**What is needed:**
Give back, exactly as written, the lines from the first line of the data below through the line with "Интерактивный модуль для", and omit the pictures.

--- START ---

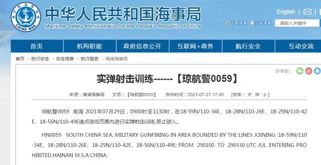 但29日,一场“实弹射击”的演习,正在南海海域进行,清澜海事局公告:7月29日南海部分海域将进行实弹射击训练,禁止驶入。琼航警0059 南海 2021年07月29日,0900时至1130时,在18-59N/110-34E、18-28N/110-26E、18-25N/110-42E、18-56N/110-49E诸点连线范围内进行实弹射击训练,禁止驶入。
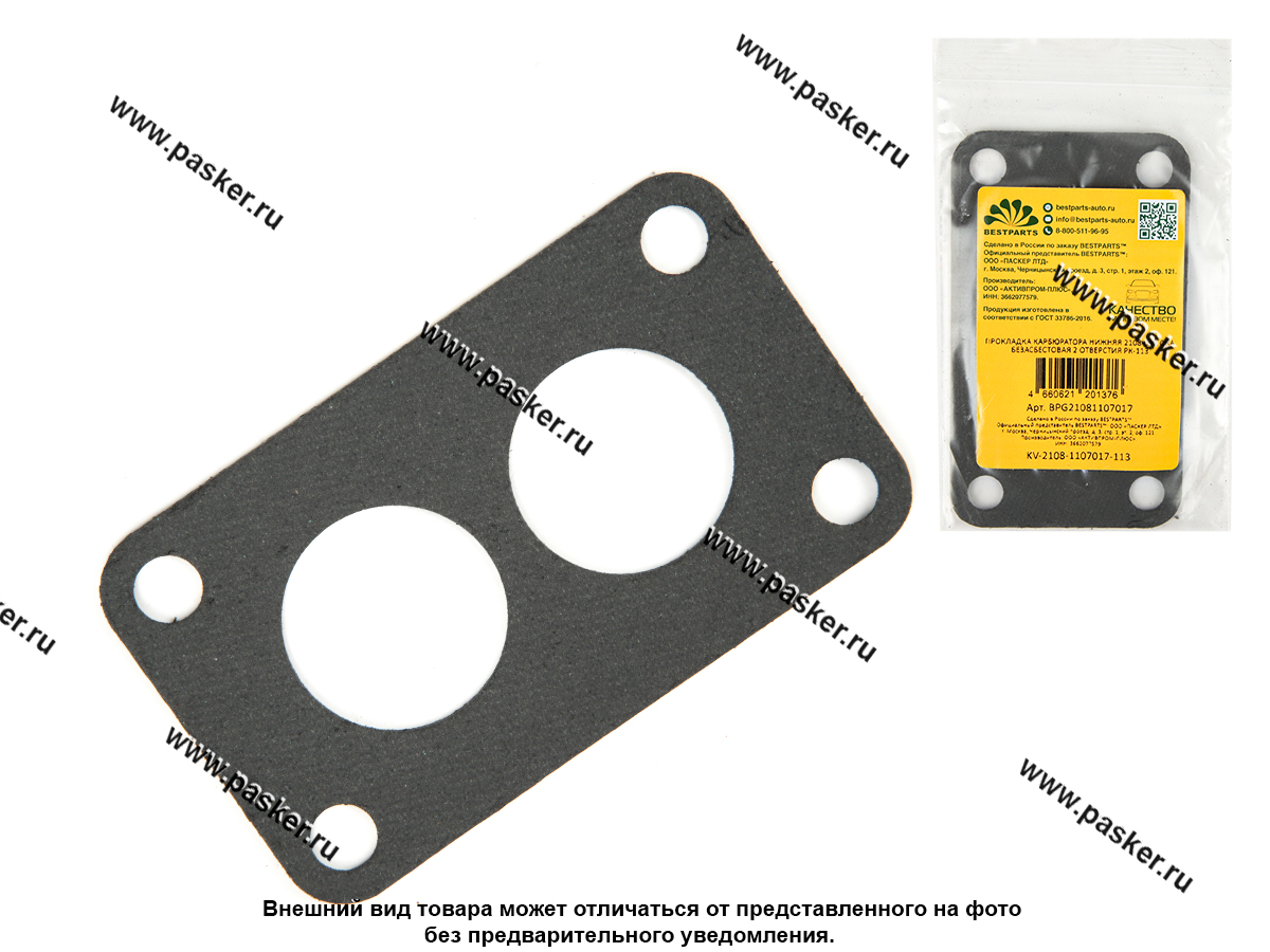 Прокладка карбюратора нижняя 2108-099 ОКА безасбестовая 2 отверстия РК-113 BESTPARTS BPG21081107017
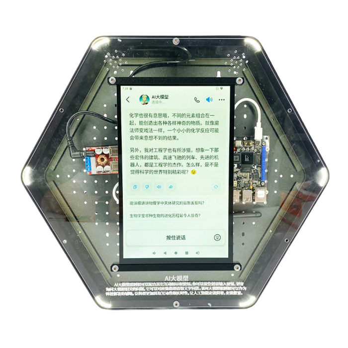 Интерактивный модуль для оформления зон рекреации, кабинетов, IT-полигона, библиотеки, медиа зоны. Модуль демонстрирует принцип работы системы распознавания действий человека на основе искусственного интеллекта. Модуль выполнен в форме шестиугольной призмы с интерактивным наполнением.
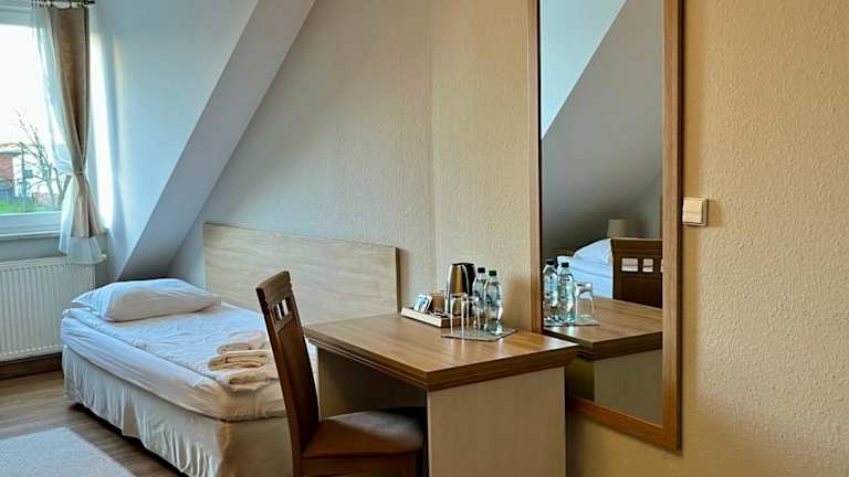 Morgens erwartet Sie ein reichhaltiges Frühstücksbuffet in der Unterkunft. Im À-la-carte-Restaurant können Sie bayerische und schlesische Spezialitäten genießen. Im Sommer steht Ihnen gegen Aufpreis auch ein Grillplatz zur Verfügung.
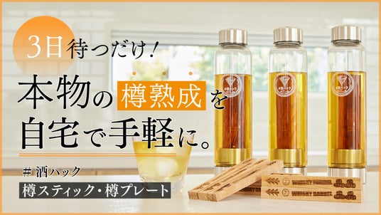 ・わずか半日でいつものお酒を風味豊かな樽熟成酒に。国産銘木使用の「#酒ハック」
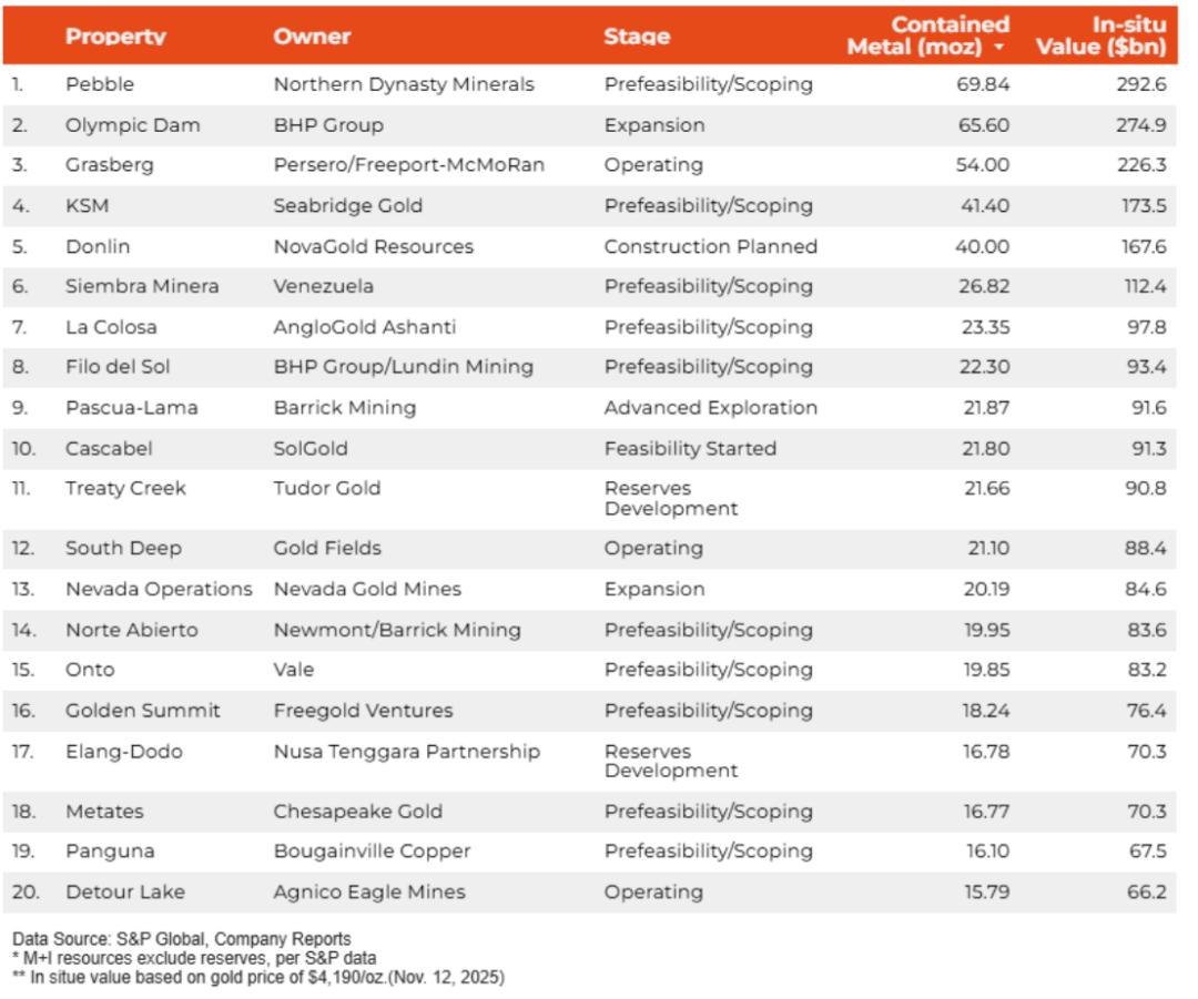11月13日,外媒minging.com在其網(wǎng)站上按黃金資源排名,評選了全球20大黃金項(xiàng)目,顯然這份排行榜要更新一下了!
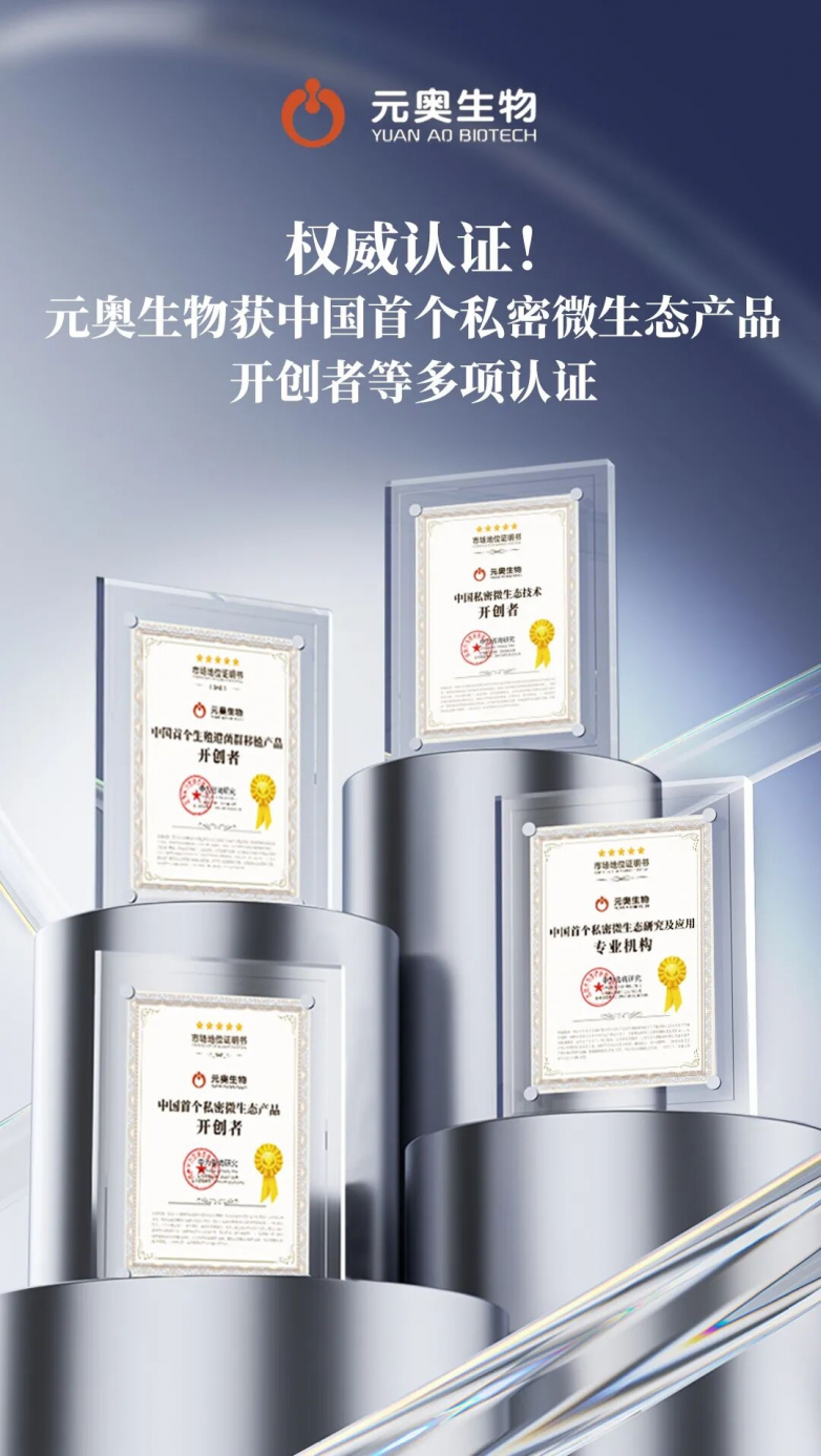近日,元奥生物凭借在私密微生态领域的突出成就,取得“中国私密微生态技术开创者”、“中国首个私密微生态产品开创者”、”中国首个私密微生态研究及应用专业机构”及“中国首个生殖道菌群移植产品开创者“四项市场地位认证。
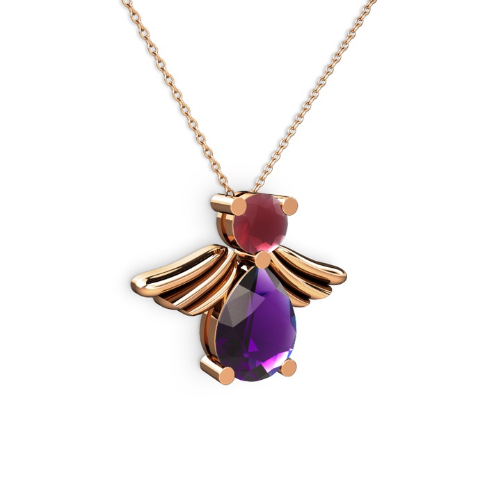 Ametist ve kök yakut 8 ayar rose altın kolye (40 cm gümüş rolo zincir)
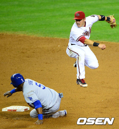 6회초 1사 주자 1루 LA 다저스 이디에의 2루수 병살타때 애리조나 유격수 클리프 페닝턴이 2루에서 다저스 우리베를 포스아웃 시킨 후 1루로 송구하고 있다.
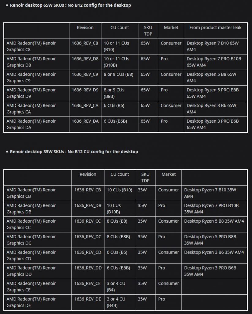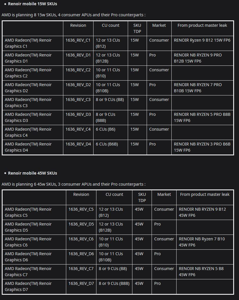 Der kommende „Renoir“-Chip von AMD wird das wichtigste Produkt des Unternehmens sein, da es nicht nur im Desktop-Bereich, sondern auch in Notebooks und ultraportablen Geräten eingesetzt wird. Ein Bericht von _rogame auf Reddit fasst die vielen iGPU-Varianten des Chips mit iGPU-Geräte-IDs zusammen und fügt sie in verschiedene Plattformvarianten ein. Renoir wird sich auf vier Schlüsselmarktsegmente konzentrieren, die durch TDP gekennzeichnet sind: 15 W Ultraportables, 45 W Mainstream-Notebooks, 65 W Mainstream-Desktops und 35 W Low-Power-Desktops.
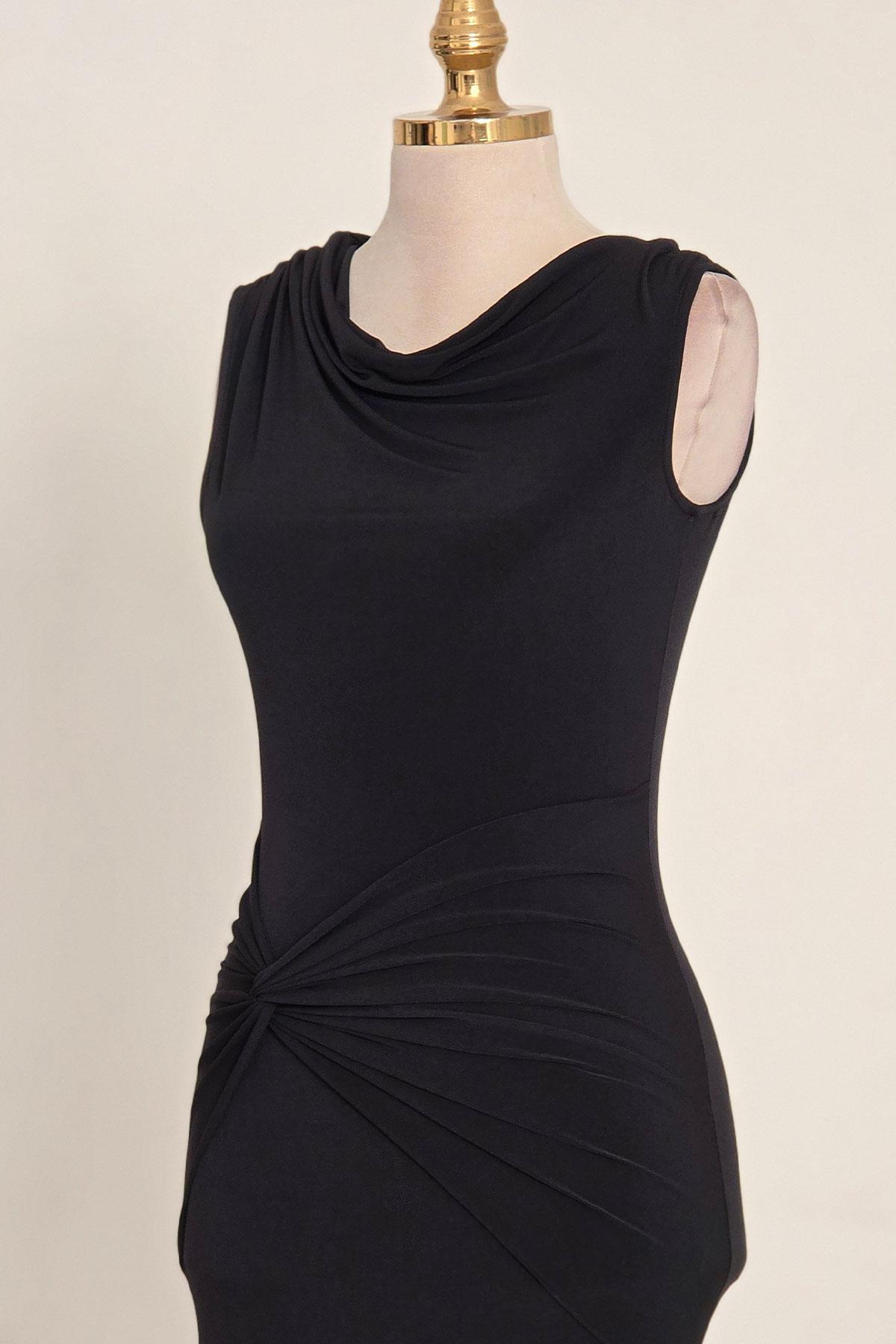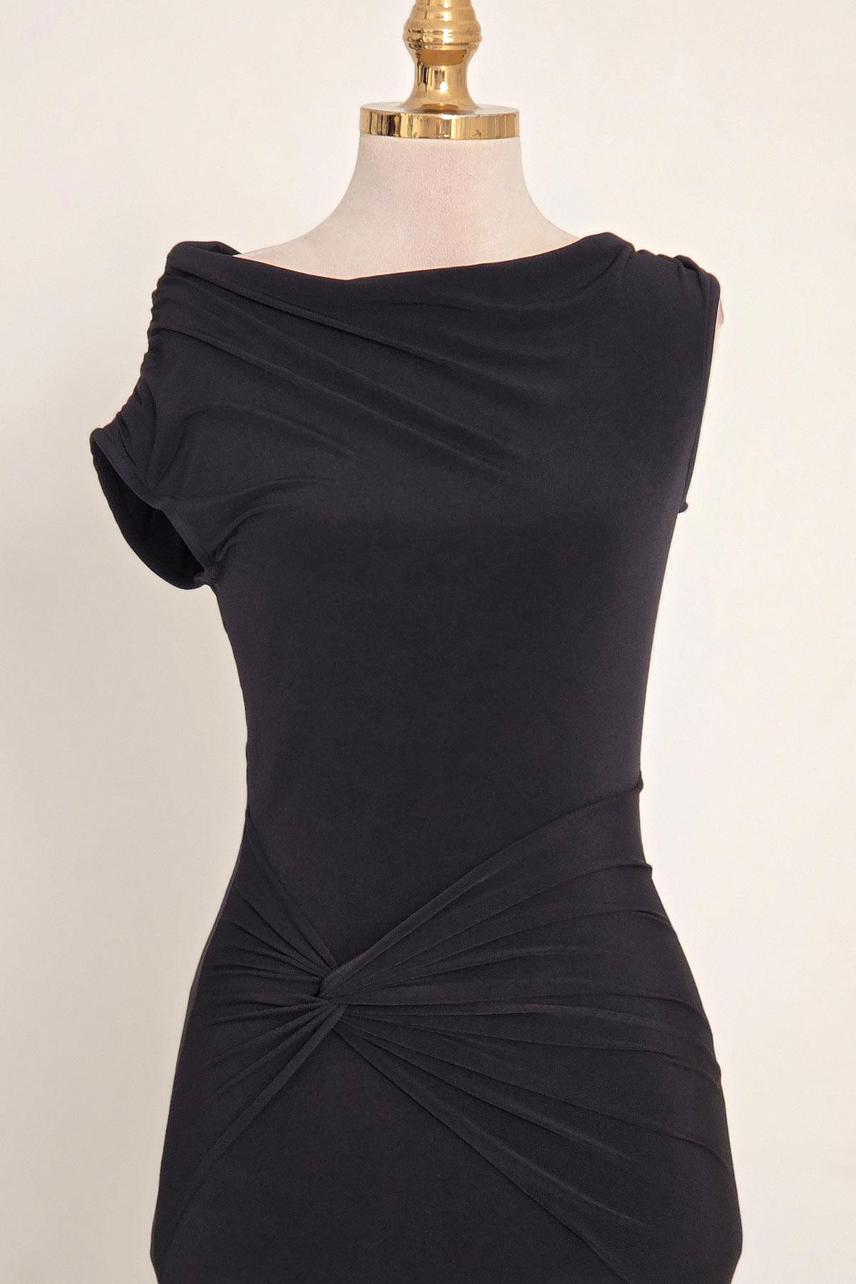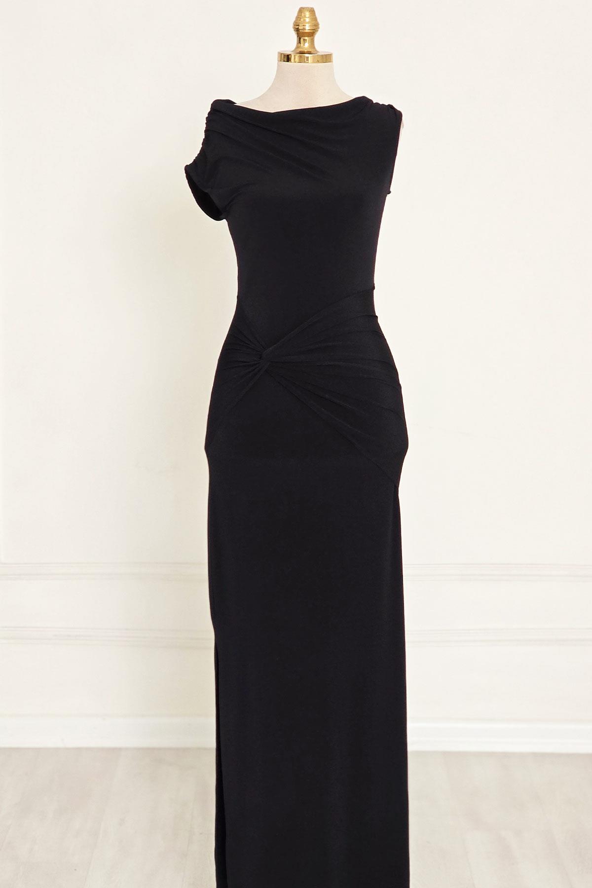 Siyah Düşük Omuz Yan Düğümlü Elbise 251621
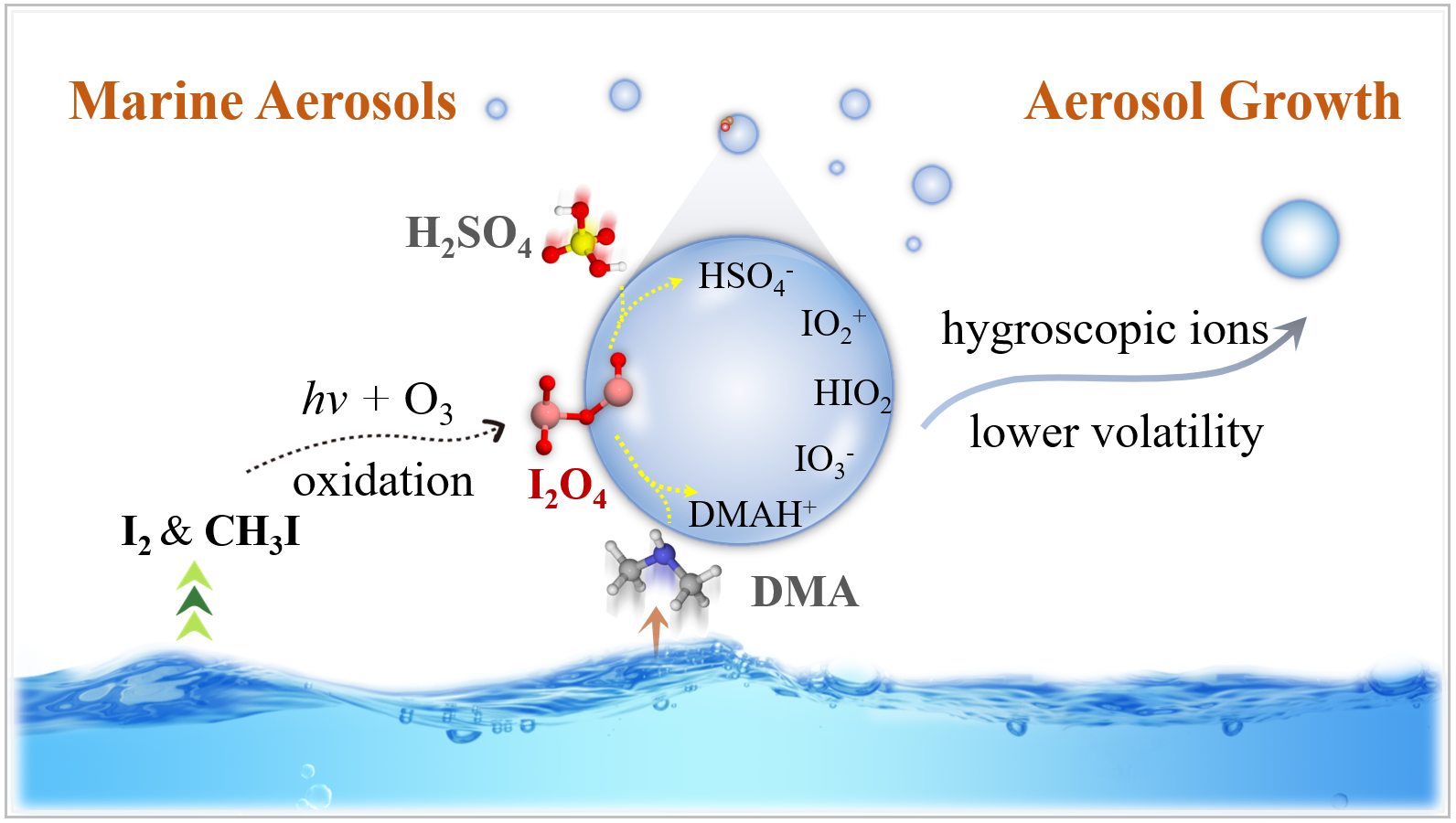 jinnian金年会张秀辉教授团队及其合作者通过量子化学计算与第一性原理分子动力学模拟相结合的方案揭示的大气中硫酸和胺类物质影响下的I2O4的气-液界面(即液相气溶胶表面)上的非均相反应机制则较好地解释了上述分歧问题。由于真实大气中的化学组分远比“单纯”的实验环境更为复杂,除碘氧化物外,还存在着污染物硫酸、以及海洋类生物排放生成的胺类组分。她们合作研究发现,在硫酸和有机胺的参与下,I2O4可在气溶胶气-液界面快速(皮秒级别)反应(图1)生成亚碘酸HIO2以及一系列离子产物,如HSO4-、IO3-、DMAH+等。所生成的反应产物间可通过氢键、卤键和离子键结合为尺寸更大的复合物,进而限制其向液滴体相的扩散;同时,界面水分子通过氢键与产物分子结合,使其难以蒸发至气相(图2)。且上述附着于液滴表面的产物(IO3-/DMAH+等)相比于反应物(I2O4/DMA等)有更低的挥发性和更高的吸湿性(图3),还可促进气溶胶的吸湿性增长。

--- END ---

**Solution to the exercise:**
 但29日,一场“实弹射击”的演习,正在南海海域进行,清澜海事局公告:7月29日南海部分海域将进行实弹射击训练,禁止驶入。琼航警0059 南海 2021年07月29日,0900时至1130时,在18-59N/110-34E、18-28N/110-26E、18-25N/110-42E、18-56N/110-49E诸点连线范围内进行实弹射击训练,禁止驶入。
 Прокладка карбюратора нижняя 2108-099 ОКА безасбестовая 2 отверстия РК-113 BESTPARTS BPG21081107017
 Интерактивный модуль для оформления зон рекреации, кабинетов, IT-полигона, библиотеки, медиа зоны. Модуль демонстрирует принцип работы системы распознавания действий человека на основе искусственного интеллекта. Модуль выполнен в форме шестиугольной призмы с интерактивным наполнением.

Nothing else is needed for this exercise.